Although it has been a decade since Rad Hourani last visited the streets of Toronto (choosing instead to march the grounds of Paris and New York), he decided the right time to return would be to celebrate his five year anniversary collection. He is, after all, “an adopted Canadian” by way of Montreal via Jordan.
Since the launch of his line, his main connection to Canada has been only through the factory where his Paris-designed clothing line is made, for the sole reason of it “being a well-oiled operation,” that he would do anything but change. With such a deep-rooted loyalty to us canucks, it really is a wonder that it has taken him so long to finally grace us with one of his shows (and presence). We caught up with Hourani to inquire about his much-anticipated visit, but, via email since he hopped a plane straight back to Paris right after his final bow.

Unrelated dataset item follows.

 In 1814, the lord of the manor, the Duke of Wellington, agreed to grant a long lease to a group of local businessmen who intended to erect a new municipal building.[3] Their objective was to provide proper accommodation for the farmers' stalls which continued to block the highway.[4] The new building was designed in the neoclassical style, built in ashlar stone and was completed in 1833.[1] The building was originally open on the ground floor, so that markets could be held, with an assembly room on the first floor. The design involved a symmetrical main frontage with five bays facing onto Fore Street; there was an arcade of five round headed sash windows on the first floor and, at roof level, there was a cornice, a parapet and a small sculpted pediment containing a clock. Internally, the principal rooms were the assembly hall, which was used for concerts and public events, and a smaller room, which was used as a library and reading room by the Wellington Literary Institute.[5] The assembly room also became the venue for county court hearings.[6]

Tell me about your 5th collection, what’s the inspiration behind it.
The inspiration always starts by what I feel like wearing. I have spent a lot of time recently in the forest and in nature, so the collection reflect that thought. I feel like wearing green, so I have designed some continuous silhouettes of my Unisex style in black and green, using some new materials and techniques.
Short films opened a number of shows this season. What led to your decision to incorporate film into your creative vision?

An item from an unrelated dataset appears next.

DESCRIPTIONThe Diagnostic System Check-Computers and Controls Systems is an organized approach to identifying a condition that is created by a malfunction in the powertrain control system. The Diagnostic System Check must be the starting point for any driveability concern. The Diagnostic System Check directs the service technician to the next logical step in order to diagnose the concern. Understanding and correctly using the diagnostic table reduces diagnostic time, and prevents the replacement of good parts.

It is not something new for me, since the very first season I have used that medium to project what I had to say and feel. I have used film in my exhibition, as well, and I have used film also to present some of the Rad Hourani shows instead of producing a formal show, and I just felt that the projection of the 5 Yrs of Unisex made sense to be projected before the show.
Do you think the integration of short films/docs has to do with the audience’s hunger for a more personal relationship? Is it a way to fill a gap that’s missing from the runway experience, or modernise it?
I think it it just part of an evolution process where it is more accessible to do so. However, to me it is part of my self expression as I don’t define myself to be either a designer, a photographer, nor an artist, nor a filmmaker ,nor an art director. I consider myself all of that at the same time, so using all the mediums accessible is natural for me.
Not being dictated by trends or seasons, do you hope someone to have a Rad Hourani piece forever, not just dispose of it once deemed “last season?”
I think we are conditioned to think that what I do by not having seasons, time, gender is not traditional for a start. So I would say that its not traditional in that sense if you want to use theses words… I avoid all stereotypes in my life. I don’t use theses words, traditional,trends etc. What’s drives me is to create a signature piece of work and a garment that can be worn by anyone at anytime.
Do you think more designers will begin to show more “seasonless” collections with the changes in the global climate? Now we’re seeing snow in summer and summer in winter…
I’m sure that it could be an influence, as it gets worse the consumers will need to adapt themselves. I was the first one to do that, and the first to design a high end unisex line, I did it because it made sense to me and hopefully the whole world understand one day the exact massage.
Considering you haven’t been to Toronto in a decade, why did you say yes to showing at Toronto’s World MasterCard Fashion Week this season?
I said yes because this season it is the 5th anniversary of the brand, and as we are travelling and producing events around the world to celebrate it. I thought to celebrate in Canada should be a part of it as I am an adopted Canadian.
As you are based in Paris, why do you have your clothing made in Canada?
As a pure business point of view it is because our factory is located in Canada, and that it is a very well-oiled operation, and as the saying goes: ” why change something that works well?”
With all the traveling you have done recently for your 5th anniversary, have you decided upon a favourite city in the world?
I don’t have a particular city that I prefer, but I enjoy the way that I am stimulated by different environments, by different cities. New York makes me feel very productive as of Paris inspires me and make me think out of the box. Each city I go to can be my favourite, as I’m not a nationalist.